- **Work to complete**: For the data below, transcribe the part that opens with the line containing "Dazzleberry Stonecrop in bloom" and closes with the line containing "FIG 1.1 CONSTRUCTION SITE.", exactly and with no pictures.

(Data items)
╔══

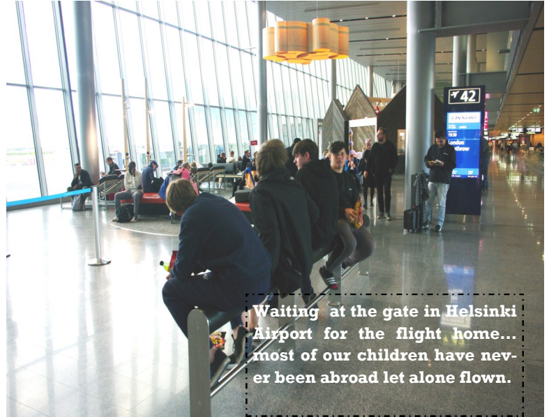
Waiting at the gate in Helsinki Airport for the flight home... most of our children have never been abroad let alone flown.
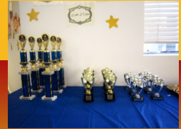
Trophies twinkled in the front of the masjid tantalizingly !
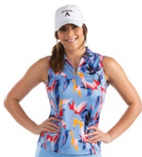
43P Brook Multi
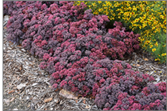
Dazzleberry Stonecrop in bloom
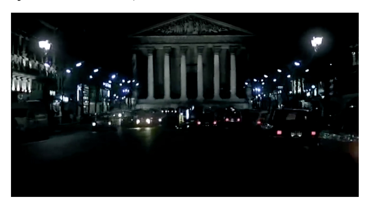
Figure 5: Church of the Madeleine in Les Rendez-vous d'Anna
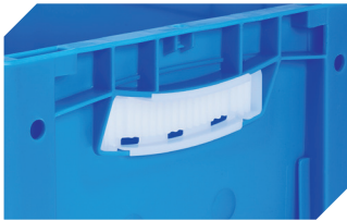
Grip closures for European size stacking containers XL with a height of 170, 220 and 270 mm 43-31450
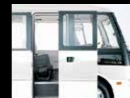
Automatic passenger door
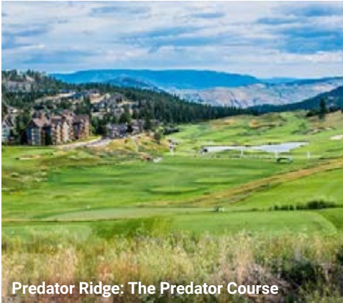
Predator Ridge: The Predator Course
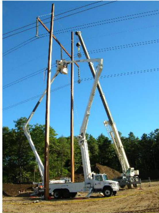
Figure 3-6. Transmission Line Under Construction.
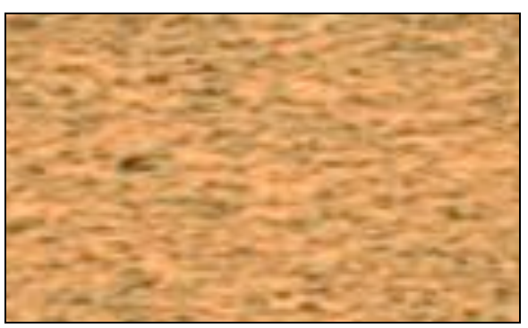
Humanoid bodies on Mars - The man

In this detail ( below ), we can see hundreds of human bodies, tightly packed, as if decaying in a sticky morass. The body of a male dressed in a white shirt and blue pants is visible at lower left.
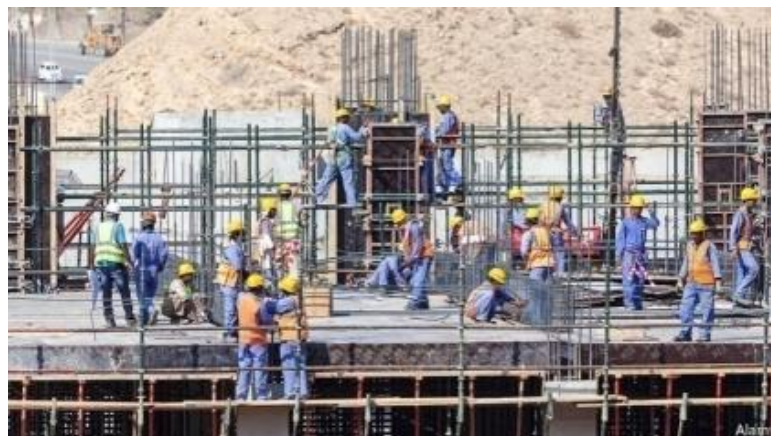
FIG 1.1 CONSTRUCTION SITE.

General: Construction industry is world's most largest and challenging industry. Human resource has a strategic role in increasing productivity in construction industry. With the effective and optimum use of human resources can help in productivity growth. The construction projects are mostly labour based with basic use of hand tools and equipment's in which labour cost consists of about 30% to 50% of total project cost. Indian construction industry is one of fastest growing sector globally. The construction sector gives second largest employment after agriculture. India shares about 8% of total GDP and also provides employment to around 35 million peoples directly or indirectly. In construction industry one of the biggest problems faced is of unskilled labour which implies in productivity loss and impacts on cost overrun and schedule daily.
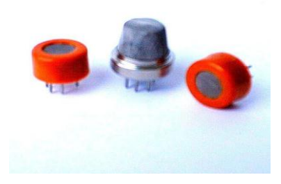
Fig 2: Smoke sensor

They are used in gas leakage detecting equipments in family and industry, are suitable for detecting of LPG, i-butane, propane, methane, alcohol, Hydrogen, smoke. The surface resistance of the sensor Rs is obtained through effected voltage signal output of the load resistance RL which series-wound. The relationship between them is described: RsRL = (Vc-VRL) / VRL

╚══

- **Solution to the exercise**:
Dazzleberry Stonecrop in bloom
Figure 5: Church of the Madeleine in Les Rendez-vous d'Anna
Grip closures for European size stacking containers XL with a height of 170, 220 and 270 mm 43-31450
Automatic passenger door
Predator Ridge: The Predator Course
Figure 3-6. Transmission Line Under Construction.
Humanoid bodies on Mars - The man

In this detail ( below ), we can see hundreds of human bodies, tightly packed, as if decaying in a sticky morass. The body of a male dressed in a white shirt and blue pants is visible at lower left.
FIG 1.1 CONSTRUCTION SITE.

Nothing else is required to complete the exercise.